Imagem da chapa do pulmão para diagnóstico de tuberculose

Tuberculose: transmissão, sintomas, prevenção

Saiba tudo sobre uma das doenças que mais causa mortes no mundo, principalmente nos países em desenvolvimento. Infecciosa e transmissível, a tuberculose é uma doença que afeta sobretudo os pulmões, mas pode acometer também outros órgãos e/ou sistemas. 

No Brasil, a tuberculose é um sério problema de saúde pública diretamente ligado às questões sociais que o país enfrenta. O cenário é ainda mais complexo com a existência da epidemia do HIV e a presença de bacilos resistentes.  

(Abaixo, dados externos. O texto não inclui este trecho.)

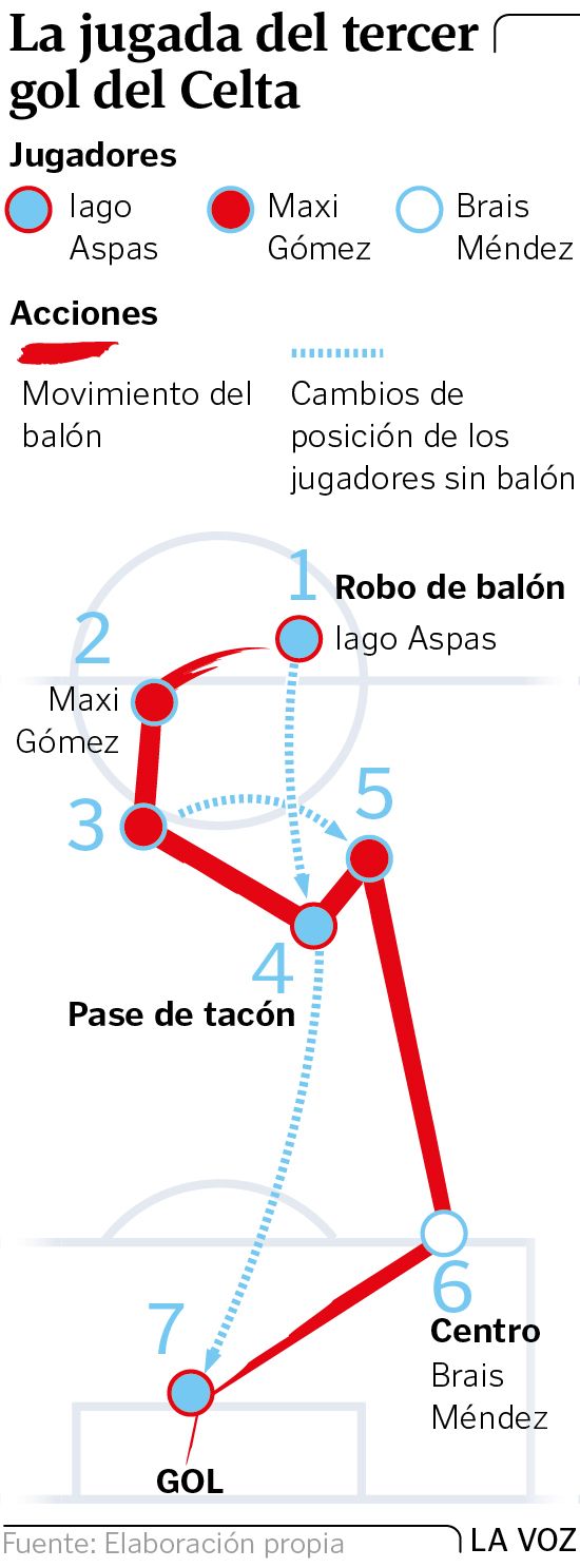 Corre el minuto 78. El Betis tiene el balón y se interna en campo celeste. Iago Aspas, convertido por obra y gracia de sus ganas y esfuerzo en todocampista, consigue interceptar la pelota en pleno círculo central y lanza la ofensiva. Maxi Gómez, que ha incorporado a su repertorio la obligación de defender, se encuentra cerca del moañés, por lo que Iago le da el balón para poder iniciar carrera. El uruguayo, sorteando las piernas del bético Fabián, devuelve el esférico a Aspas, que, en una soberbia acción de tacón, entrega de nuevo la pelota para que Maxi avance y vea a Brais subiendo por la banda izquierda.

Aquele resumão do que você vai ver por aqui:

  • O que causa a tuberculose?
  • Quais são os sintomas?
  • Como saber se a pessoa está com tuberculose?
  • De que forma se dá a transmissão da tuberculose?
  • Quais são os tipos de tuberculose? 
  • Como se faz o diagnóstico da tuberculose? 
  • Como se  trata a tuberculose?
  • Existe prevenção? 
  • Quais são as populações vulneráveis?
  • Há determinantes sociais da doença?

O que causa a tuberculose?

A doença é transmitida pelo Mycobacterium tuberculosis, mais conhecido como bacilo de Koch.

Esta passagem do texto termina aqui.